Task goal — Drop the images, then output the listing exactly.

Data to process —

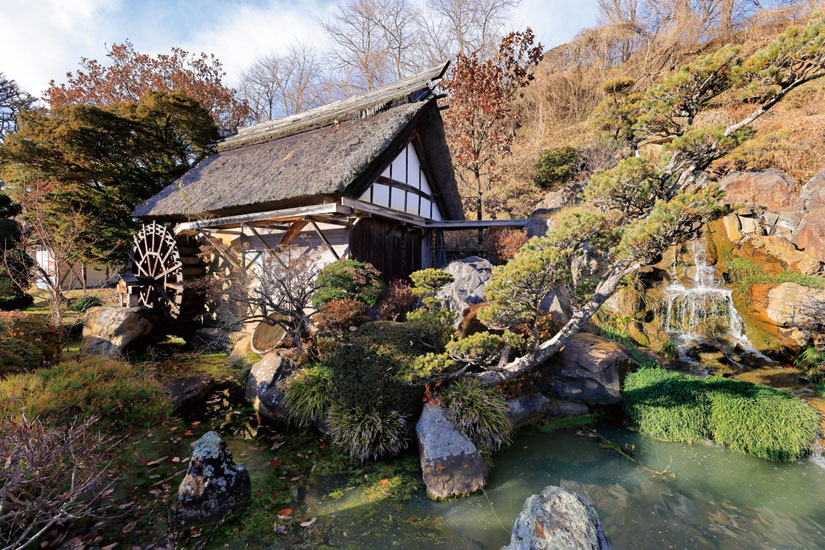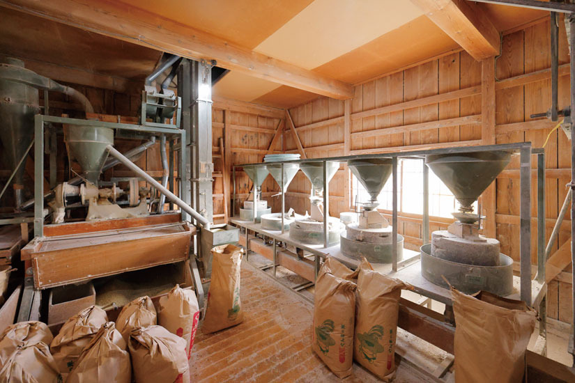 敷地内の水車小屋では石臼を使って自家製粉しています。
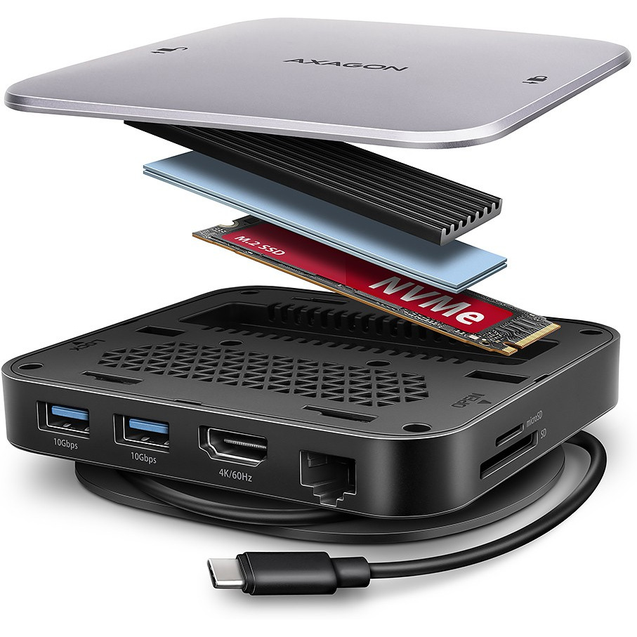 AXAGON HMC-UFO USB-C 10Gbps UFO hub rozszerza możliwości laptopa, komputera lub tabletu o osiem portów i zewnętrzną obudowę na dysk M.2. Podłącz laptopa do stacji dokującej 9w1 za pomocą dołączonego do zestawu kabla USB-C długości 65 cm. W mgnieniu oka dostaniesz do swojej dyspozycji slot na napęd NVMe lub SATA M.2, czytnik kart SD i microSD oraz złącza do podłączenia monitora, urządzeń USB, słuchawek, kabla sieciowego i zasilania Power Delivery. Kompatybilność z Thunderbolt 3/4 zapewnia również prostą i kompaktową stację dokującą dla laptopów, takich jaki Apple MacBook Air lub Pro.
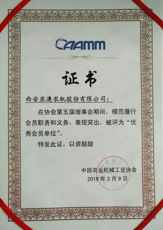 亞澳農機榮獲中國農機工業(yè)協(xié)會“優(yōu)秀會員單位”
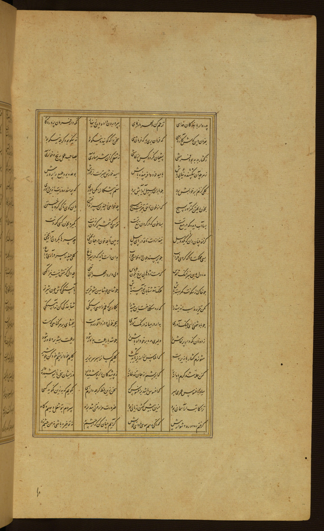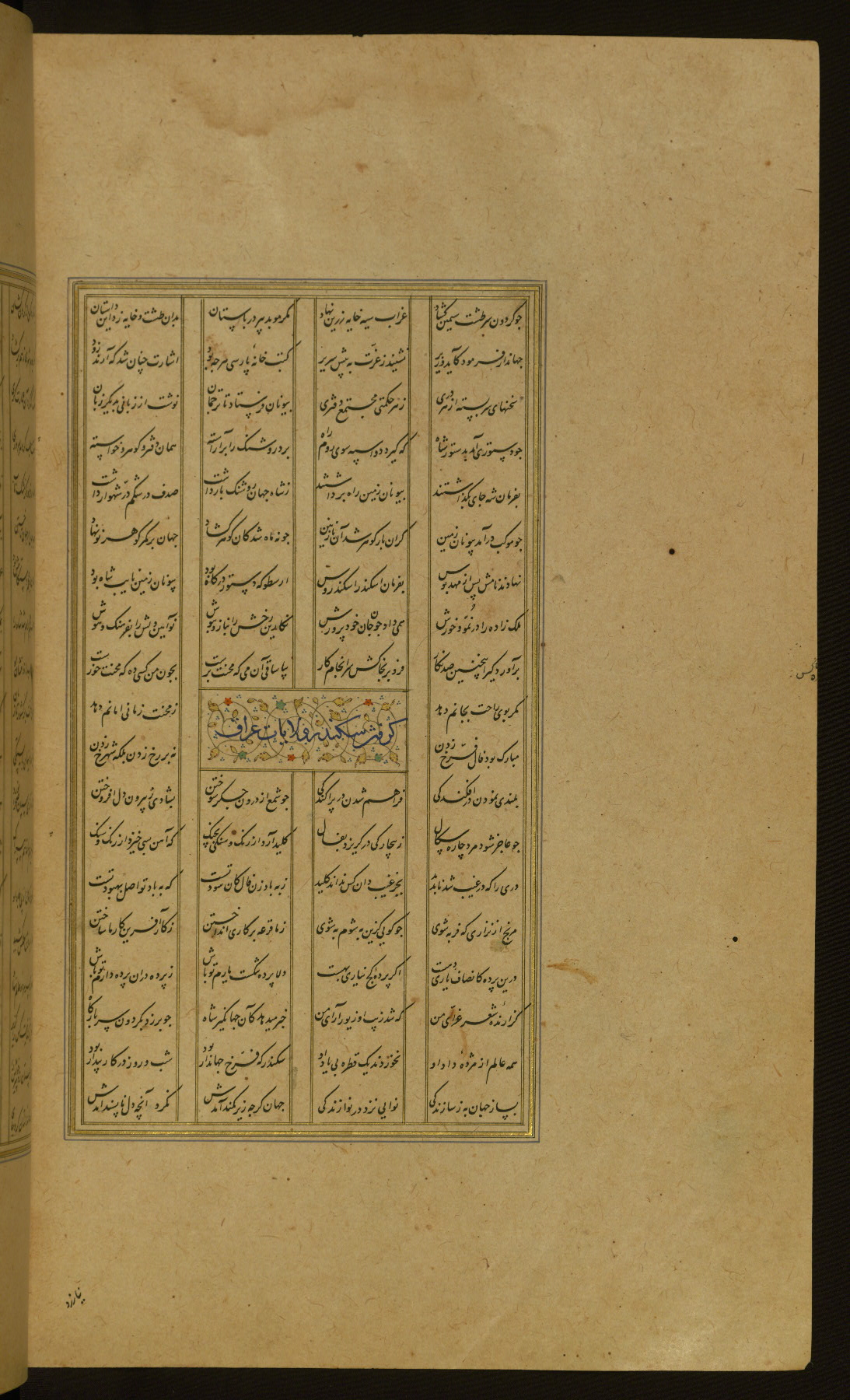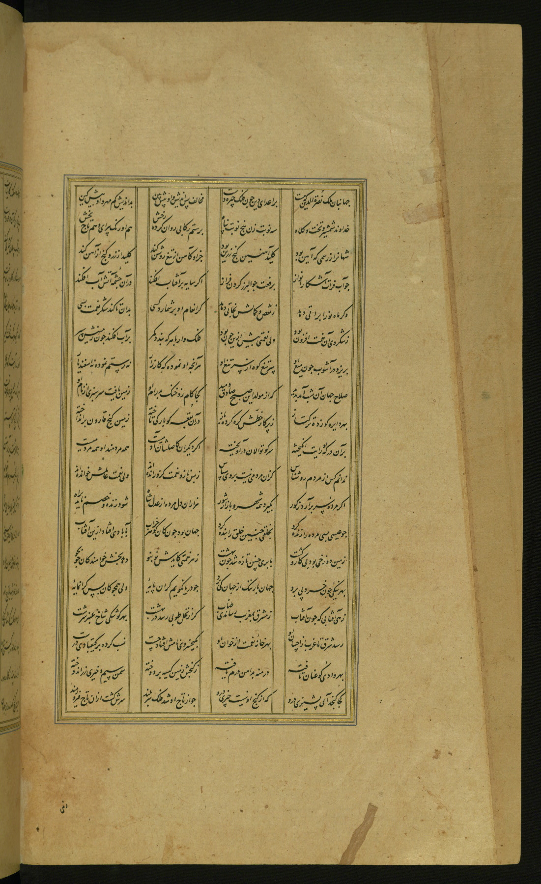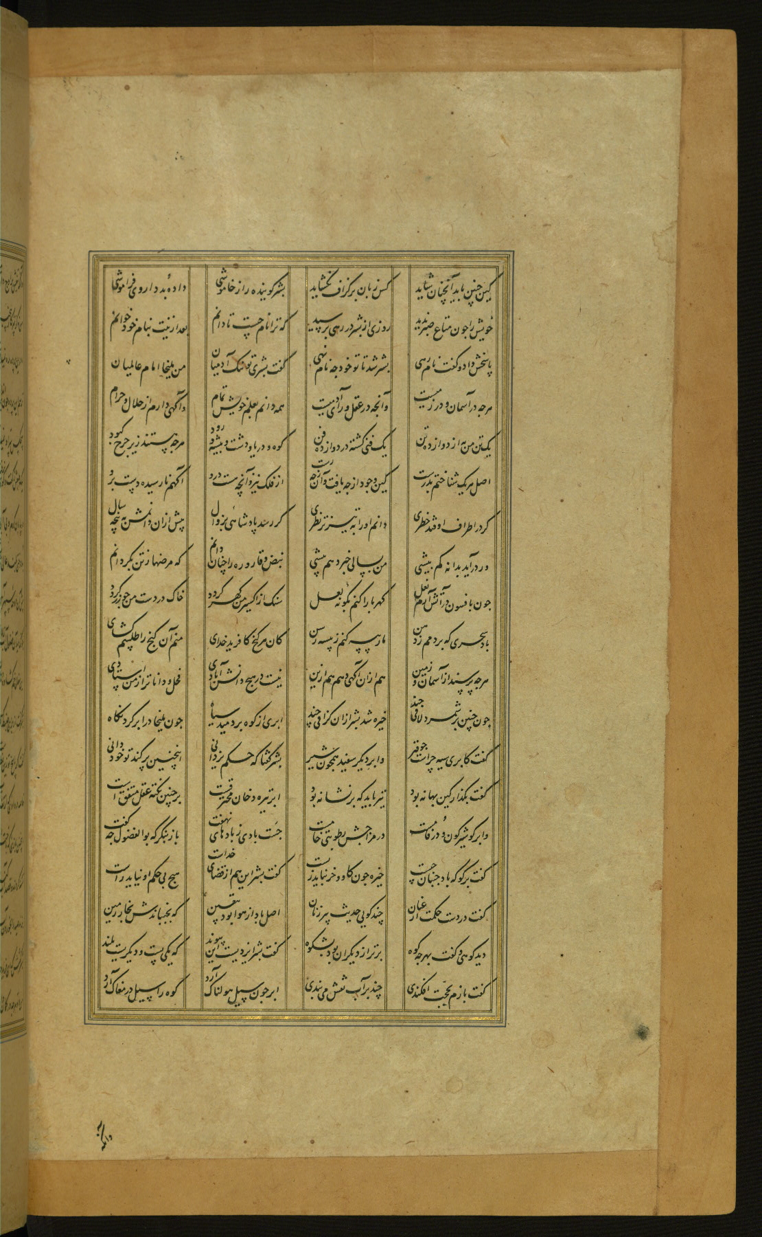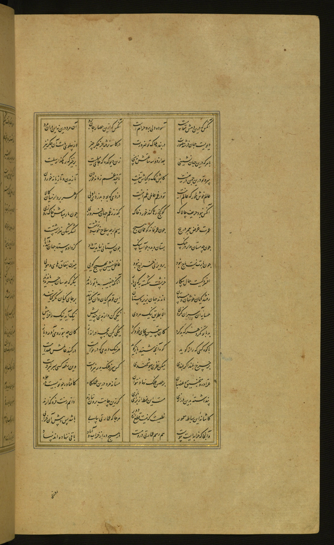 This illuminated and illustrated copy of the Khamsah (quintet) of Niẓāmī Ganjavī (d. 605 AH / 1209 CE) was written by Yār Muḥammad al-Haravī in 922 AH / 1516 CE. Written in four columns in black nastaʿlīq script, this manuscript opens with a double-page illuminated frontispiece signed by ʿAbd al-Wahhāb ibn ʿAbd al-Fattāḥ ibn ʿAlī. It contains thirty-five illustrations that were repainted in India during the twelfth century AH / eighteenth CE. The seal of Muḥammad Asharf ibn Muḥammad Khātam al-Ḥusaynī, dated 1173 AH / 1759-60 CE appears on fols. 1a and 401a. It is possible that the brown leather binding with center and side panels brushed with gold is original to the manuscript but was repaired at a later stage in the codex's history.
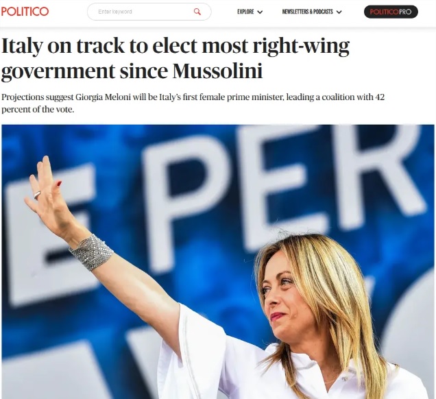 然而,这场选举中最引人注目的字眼或许是“意大利法西斯头目墨索里尼”。西方“主流”媒体与政客显得很是担心:新“墨索里尼”要来了,法西斯要来了…… 比如“政客新闻网”欧洲版和《华盛顿邮报》等媒体报道称,如果此前预测和出口民调结果准确,此次意大利选民投票选出的将是自二战墨索里尼倒台以来最右翼的政府,而来自“意大利兄弟党”的乔治娅·梅洛尼(Giorgia Meloni)将成为意大利历史上首位女总理。 截至发稿,意大利主要中左翼政党民主党承认败选。梅洛尼则宣布胜选,并表示会带领下一届意大利政府,服务于所有意大利人。 作为G7国家和欧元区第三大经济体,意大利的本次选举备受关注。这一切,正好发生在俄乌冲突之际,当前多国通货膨胀加剧,西方国家对抗俄罗斯压力重重,意大利以及欧洲的经济也到了“关键时刻”。 虽然已有所向中间靠拢,但在外界看来,此前梅洛尼所持的“反欧盟”、“反移民”等立场较为极端,其“分裂”的政治身份标签不仅会让意大利国内陷入激辩,也可能会向欧盟决策层发出具有破坏力的声音。她的反对者就警告称,梅洛尼可能会把意大利推入一个与波兰和匈牙利同处的非自由主义集团,并造成欧洲地区的局势紧张。 对此,欧盟委员会主席冯德莱恩前几日已对意大利发出警告,暗示会祭出像对波兰和匈牙利那样的惩罚措施,这番言论在意大利国内引发了轩然大波。 值得注意的是,梅洛尼在选举期间曾鼓噪对华强硬并发表涉台负面言论,中国驻意大利使馆发言人9月23日已针对有关言论表达强烈不满和坚决反对。发言人强调,一个中国原则是国际社会普遍共识和国际关系基本准则,是中国同包括意大利在内的所有国家建立和发展外交关系的政治前提和基础。 ![]()

Exercise result —
 敷地内の水車小屋では石臼を使って自家製粉しています。
 AXAGON HMC-UFO USB-C 10Gbps UFO hub rozszerza możliwości laptopa, komputera lub tabletu o osiem portów i zewnętrzną obudowę na dysk M.2. Podłącz laptopa do stacji dokującej 9w1 za pomocą dołączonego do zestawu kabla USB-C długości 65 cm. W mgnieniu oka dostaniesz do swojej dyspozycji slot na napęd NVMe lub SATA M.2, czytnik kart SD i microSD oraz złącza do podłączenia monitora, urządzeń USB, słuchawek, kabla sieciowego i zasilania Power Delivery. Kompatybilność z Thunderbolt 3/4 zapewnia również prostą i kompaktową stację dokującą dla laptopów, takich jaki Apple MacBook Air lub Pro.
 亞澳農機榮獲中國農機工業(yè)協(xié)會“優(yōu)秀會員單位”
 This illuminated and illustrated copy of the Khamsah (quintet) of Niẓāmī Ganjavī (d. 605 AH / 1209 CE) was written by Yār Muḥammad al-Haravī in 922 AH / 1516 CE. Written in four columns in black nastaʿlīq script, this manuscript opens with a double-page illuminated frontispiece signed by ʿAbd al-Wahhāb ibn ʿAbd al-Fattāḥ ibn ʿAlī. It contains thirty-five illustrations that were repainted in India during the twelfth century AH / eighteenth CE. The seal of Muḥammad Asharf ibn Muḥammad Khātam al-Ḥusaynī, dated 1173 AH / 1759-60 CE appears on fols. 1a and 401a. It is possible that the brown leather binding with center and side panels brushed with gold is original to the manuscript but was repaired at a later stage in the codex's history.
 然而,这场选举中最引人注目的字眼或许是“意大利法西斯头目墨索里尼”。西方“主流”媒体与政客显得很是担心:新“墨索里尼”要来了,法西斯要来了…… 比如“政客新闻网”欧洲版和《华盛顿邮报》等媒体报道称,如果此前预测和出口民调结果准确,此次意大利选民投票选出的将是自二战墨索里尼倒台以来最右翼的政府,而来自“意大利兄弟党”的乔治娅·梅洛尼(Giorgia Meloni)将成为意大利历史上首位女总理。 截至发稿,意大利主要中左翼政党民主党承认败选。梅洛尼则宣布胜选,并表示会带领下一届意大利政府,服务于所有意大利人。 作为G7国家和欧元区第三大经济体,意大利的本次选举备受关注。这一切,正好发生在俄乌冲突之际,当前多国通货膨胀加剧,西方国家对抗俄罗斯压力重重,意大利以及欧洲的经济也到了“关键时刻”。 虽然已有所向中间靠拢,但在外界看来,此前梅洛尼所持的“反欧盟”、“反移民”等立场较为极端,其“分裂”的政治身份标签不仅会让意大利国内陷入激辩,也可能会向欧盟决策层发出具有破坏力的声音。她的反对者就警告称,梅洛尼可能会把意大利推入一个与波兰和匈牙利同处的非自由主义集团,并造成欧洲地区的局势紧张。 对此,欧盟委员会主席冯德莱恩前几日已对意大利发出警告,暗示会祭出像对波兰和匈牙利那样的惩罚措施,这番言论在意大利国内引发了轩然大波。 值得注意的是,梅洛尼在选举期间曾鼓噪对华强硬并发表涉台负面言论,中国驻意大利使馆发言人9月23日已针对有关言论表达强烈不满和坚决反对。发言人强调,一个中国原则是国际社会普遍共识和国际关系基本准则,是中国同包括意大利在内的所有国家建立和发展外交关系的政治前提和基础。 ![]()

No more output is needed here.